After reviewing the issues, the U.S. Chamber suggests several, eminently achievable, reforms. These reforms include:
- Prohibiting contingency fees;
- Requiring all state contracts for private audit services to be subject to an open, competitive bidding process;
- Requiring all such contracts to be posted on the unclaimed property administrator’s website; and
- No delegation of state authority to private contractor on substantive decision-making, such as legal theories.
The report also offers suggestions that states provide voluntary disclosure programs with certain protections for participating holders.
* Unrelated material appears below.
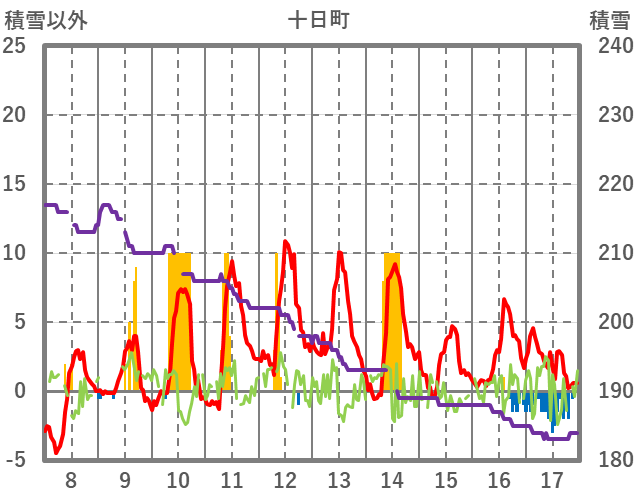| 日 | 時 | 気温 | 降水 | 風向/風速 | 日照 | 積雪 | 降雪 |
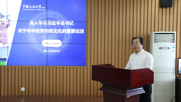 张瑞涛院长以《深入学习习近平总书记关于中华优秀传统文化的重要论述》为题,结合理论溯源与现实案例,重点阐释了中华优秀传统文化的历史定位,指出中华优秀传统文化是中华民族的“根”和“魂”、是中华民族的文化基因和精神家园、是国家文化软实力的重要支撑。根据习近平总书记在文化传承发展座谈会上的讲话,张瑞涛院长强调“结合”的前提是彼此契合、结果是互相成就,“结合”筑牢了道路根基、打开了创新空间、巩固了文化主体性,并鼓励永利y23455的师生党员应具备更高的政治站位、学术水准与道德品质。

Practice Note: Over a decade ago, several attorneys with McDermott’s SALT practice, while working at the Counsel On State Taxation (COST), drafted a Holder’s Bill of Rights. While Delaware was one of the main proponents of the concept, it did not get any traction in other states. The current negative impression many holders have regarding third-party contingency fee unclaimed property auditors could have been limited, and perhaps prevented, if states had embraced this idea. It is probably time to consider this concept. If third-party auditors offered such a pledge to holders, audits would be far less adversarial and be completed much faster.